An exact copy of all the lines below is required, with every image left out.
# # #
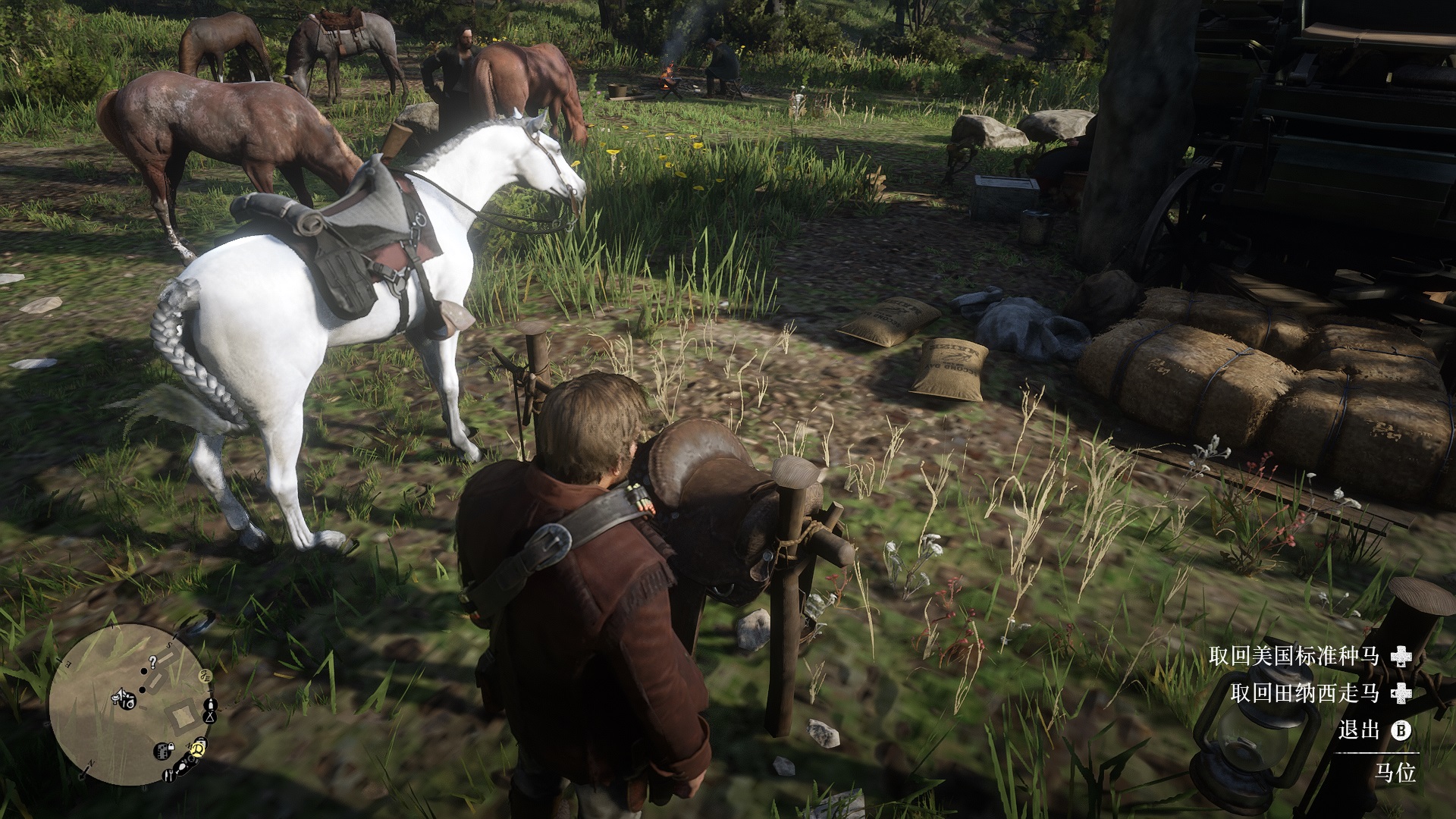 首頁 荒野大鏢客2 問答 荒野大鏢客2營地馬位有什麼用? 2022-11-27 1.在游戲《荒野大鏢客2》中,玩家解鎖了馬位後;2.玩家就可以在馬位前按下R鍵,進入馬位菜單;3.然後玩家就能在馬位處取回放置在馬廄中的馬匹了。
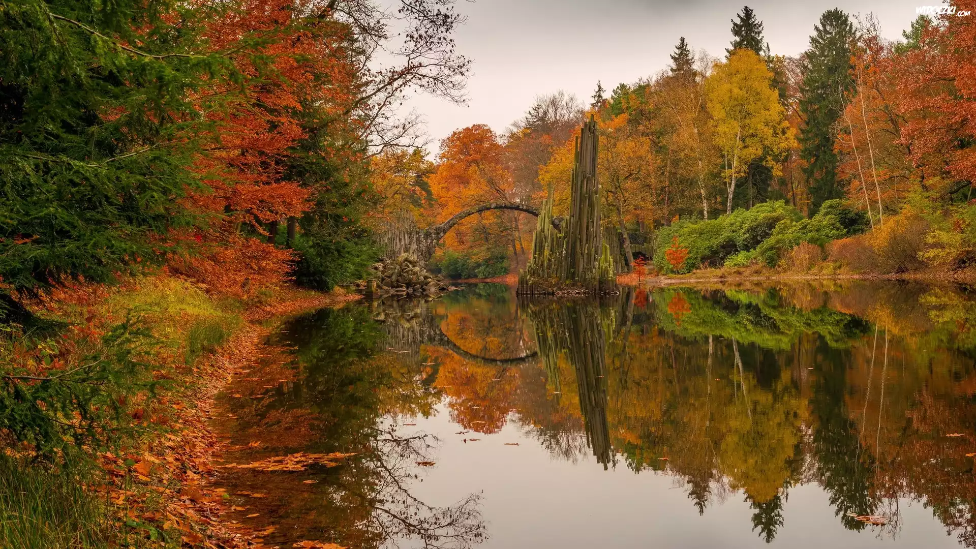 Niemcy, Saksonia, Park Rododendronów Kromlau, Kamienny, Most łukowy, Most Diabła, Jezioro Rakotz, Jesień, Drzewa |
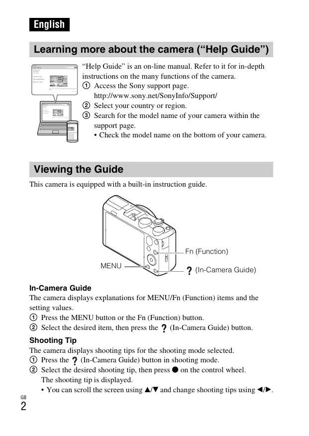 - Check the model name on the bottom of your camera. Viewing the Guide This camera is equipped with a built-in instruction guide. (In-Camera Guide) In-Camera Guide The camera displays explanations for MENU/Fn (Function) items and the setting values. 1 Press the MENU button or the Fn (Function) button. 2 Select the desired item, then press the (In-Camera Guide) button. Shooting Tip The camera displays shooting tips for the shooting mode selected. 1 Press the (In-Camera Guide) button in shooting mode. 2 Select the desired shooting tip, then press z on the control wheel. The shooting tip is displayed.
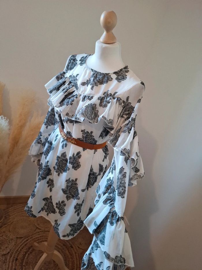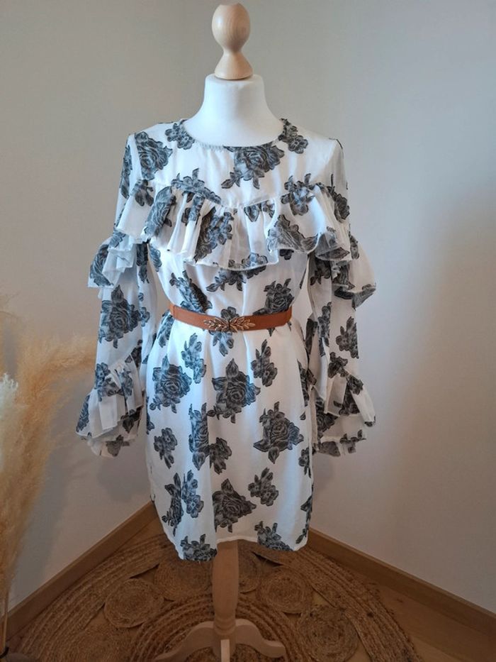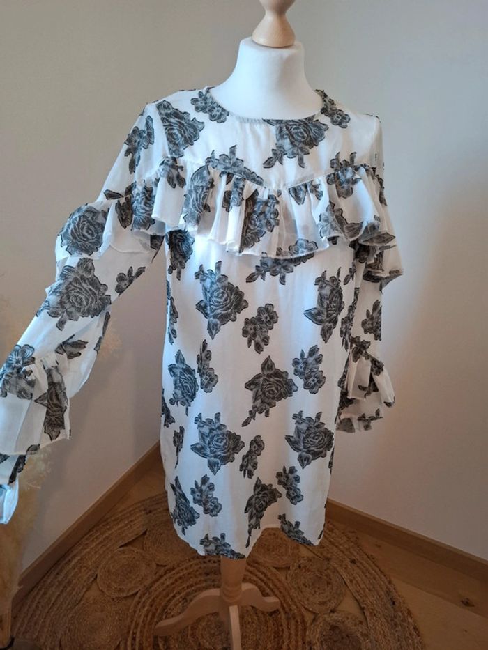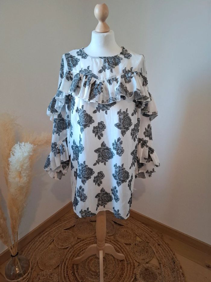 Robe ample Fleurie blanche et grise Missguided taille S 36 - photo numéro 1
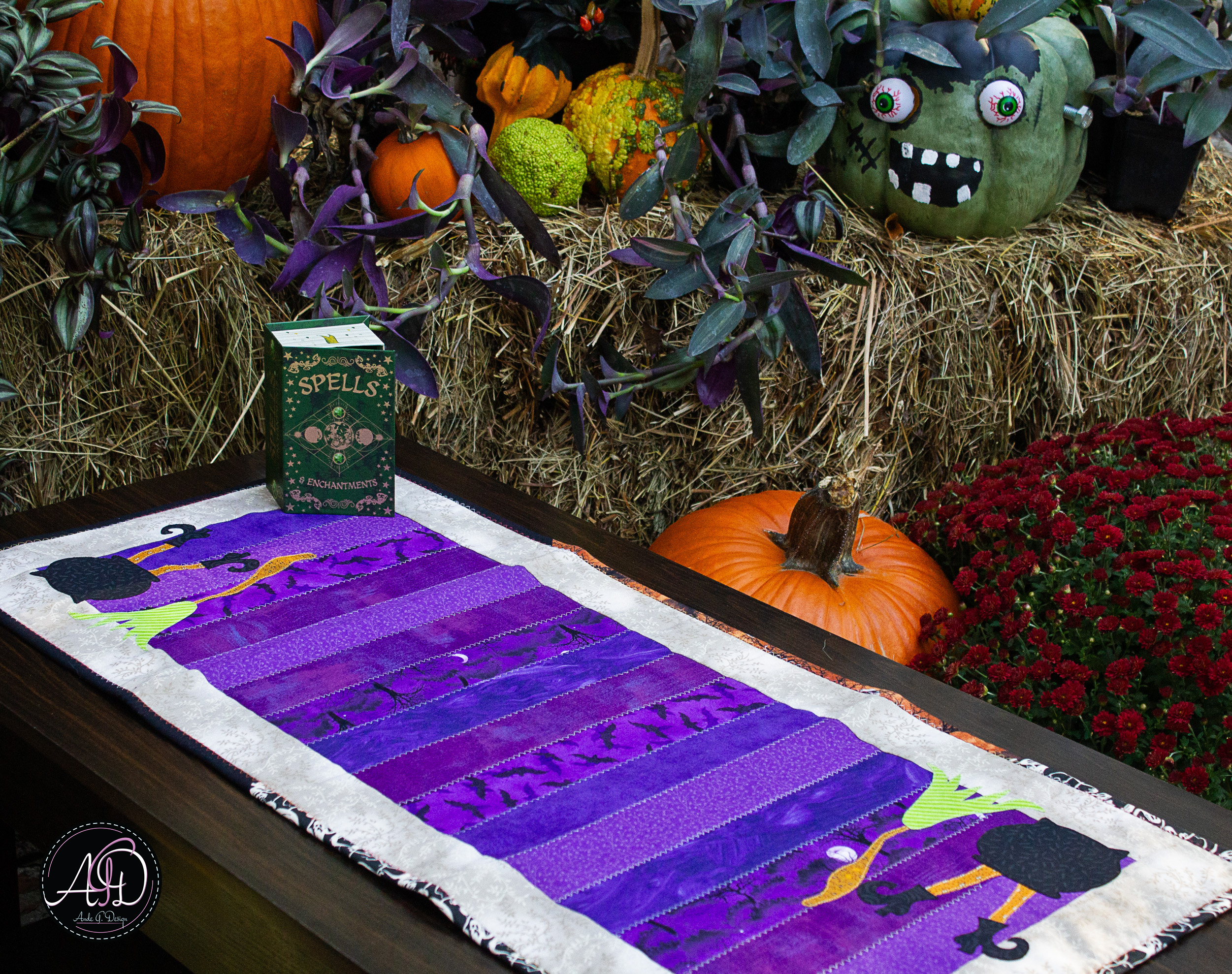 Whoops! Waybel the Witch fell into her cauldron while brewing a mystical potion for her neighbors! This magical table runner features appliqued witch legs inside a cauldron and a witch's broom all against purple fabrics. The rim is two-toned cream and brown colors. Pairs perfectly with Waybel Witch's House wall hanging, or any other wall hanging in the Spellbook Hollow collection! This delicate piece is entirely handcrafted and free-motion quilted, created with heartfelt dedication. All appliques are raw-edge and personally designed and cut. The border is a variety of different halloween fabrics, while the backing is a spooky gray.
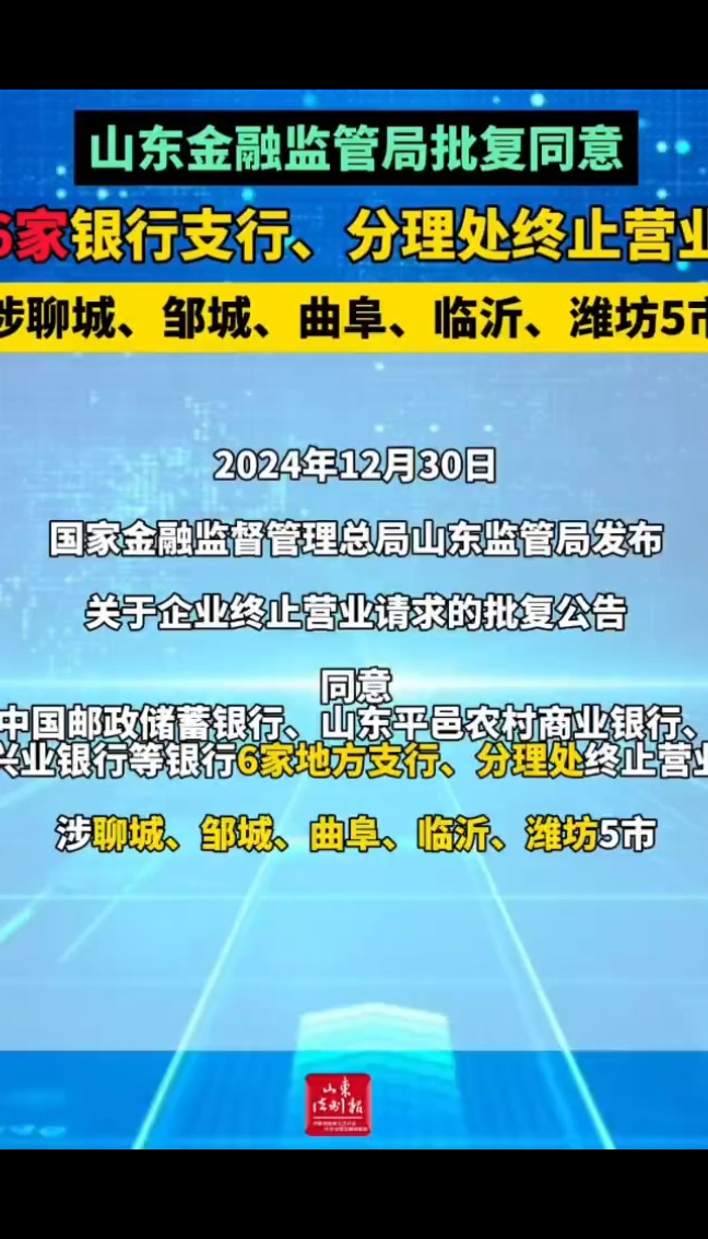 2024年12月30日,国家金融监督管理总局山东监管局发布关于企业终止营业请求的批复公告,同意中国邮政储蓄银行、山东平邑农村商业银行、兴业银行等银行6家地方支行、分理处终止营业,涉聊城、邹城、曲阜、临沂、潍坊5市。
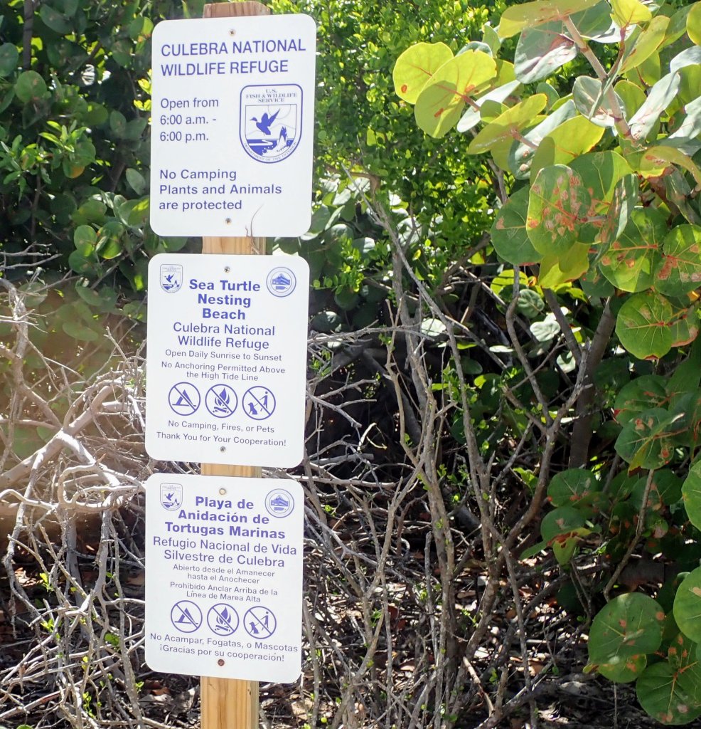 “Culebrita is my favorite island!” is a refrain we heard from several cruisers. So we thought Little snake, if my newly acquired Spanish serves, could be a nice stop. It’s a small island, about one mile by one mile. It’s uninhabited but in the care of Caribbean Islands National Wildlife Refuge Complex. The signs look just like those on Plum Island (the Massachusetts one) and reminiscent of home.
# # #
**Response to this exercise:**
 首頁 荒野大鏢客2 問答 荒野大鏢客2營地馬位有什麼用? 2022-11-27 1.在游戲《荒野大鏢客2》中,玩家解鎖了馬位後;2.玩家就可以在馬位前按下R鍵,進入馬位菜單;3.然後玩家就能在馬位處取回放置在馬廄中的馬匹了。
 Niemcy, Saksonia, Park Rododendronów Kromlau, Kamienny, Most łukowy, Most Diabła, Jezioro Rakotz, Jesień, Drzewa |
 - Check the model name on the bottom of your camera. Viewing the Guide This camera is equipped with a built-in instruction guide. (In-Camera Guide) In-Camera Guide The camera displays explanations for MENU/Fn (Function) items and the setting values. 1 Press the MENU button or the Fn (Function) button. 2 Select the desired item, then press the (In-Camera Guide) button. Shooting Tip The camera displays shooting tips for the shooting mode selected. 1 Press the (In-Camera Guide) button in shooting mode. 2 Select the desired shooting tip, then press z on the control wheel. The shooting tip is displayed.
 Robe ample Fleurie blanche et grise Missguided taille S 36 - photo numéro 1
 Whoops! Waybel the Witch fell into her cauldron while brewing a mystical potion for her neighbors! This magical table runner features appliqued witch legs inside a cauldron and a witch's broom all against purple fabrics. The rim is two-toned cream and brown colors. Pairs perfectly with Waybel Witch's House wall hanging, or any other wall hanging in the Spellbook Hollow collection! This delicate piece is entirely handcrafted and free-motion quilted, created with heartfelt dedication. All appliques are raw-edge and personally designed and cut. The border is a variety of different halloween fabrics, while the backing is a spooky gray.
 2024年12月30日,国家金融监督管理总局山东监管局发布关于企业终止营业请求的批复公告,同意中国邮政储蓄银行、山东平邑农村商业银行、兴业银行等银行6家地方支行、分理处终止营业,涉聊城、邹城、曲阜、临沂、潍坊5市。
 “Culebrita is my favorite island!” is a refrain we heard from several cruisers. So we thought Little snake, if my newly acquired Spanish serves, could be a nice stop. It’s a small island, about one mile by one mile. It’s uninhabited but in the care of Caribbean Islands National Wildlife Refuge Complex. The signs look just like those on Plum Island (the Massachusetts one) and reminiscent of home.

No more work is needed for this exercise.